As the sheep approach the pups, the pups stop and offer many calming signals to the sheep. They turn their heads away from the sheep, breaking the sightline, They lower their heads and turn slightly away from the sheep with their tails wagging slowly, held low and loosely.
One of the pups becomes a bit brave and approaches one of the sheep, who agrees to this greeting by walking slowly towards the pup. When the sheep startle a little and move off, the pup is startled too, but rather than pursue the sheep or become excited by the sheep's behavior, he backs up and considers the situation.
The Training Triangle
In the presence of the pup, as the pup makes wise choices, I talk to him and support him through my verbal praise; this connects me to the pup and this experience. My praise isn't why he is making these good choices, but through my voice and physical proximity to him, I can let him know I like what he is doing:
Event - Dog - Me
I take advantage of opportunities to connect myself to behaviors I would like to see more of.

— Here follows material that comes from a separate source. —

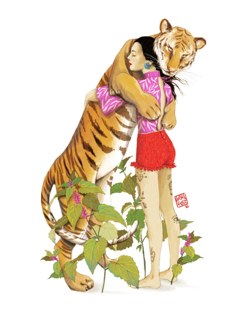 When I was very little, I was in awe of Velázquez, Goya and Caravaggio as classics, or Klimt and Schiele. I guess due to my visits to museums, or the books that were at home. Later, I was curious about female references, and I fell in love with the surrealism of Frida Kahlo and the glamour of Tamara de Lempicka. When I was older and dedicating myself to illustration, I pay much more attention to illustrators, both male and female, that I love, such as David De la Heras, Daniel Torrent, Cinta Vidal, Quentin Greban, Helena Odriozola, Sonia Pulido, Carmen Garcia Huerta among many others.

When the pup is startled, if I do nothing, he will draw his own conclusions about what just happened; sometimes that is exactly appropriate, but not in this instance because this young pup could use some support. With my "up" and bright voice, I let him know that wow, that was interesting, and he comes to check in with me, as he has learned to do if he needs a little support. I know I made the right choice in talking to him because he does come to me. If he had wagged his tail and moved off instead, he would have been letting me know he had the situation handled just fine on his own; thank you very much. But I have lost nothing in offering my subtle support.
In this video, one of the pups would clearly like to get to know the sheep. The speed of his approach is perfect now. Watch the pace of the pup as the sheep dash away; he never falters, never increases his speed, and when it is clear that the sheep need some distance, he turns away from them and heads back to his partner. Again, this early discernment is not common in pups of this age, but through proper training, it can be.
When the pup leaves the sheep, they turn and are drawn to the pup as if responding to the pull of a magnet. The pups have shown the sheep a lot of respect in terms of allowing them to move away without pursuing them, so the sheep are beginning to feel safe and increasingly curious.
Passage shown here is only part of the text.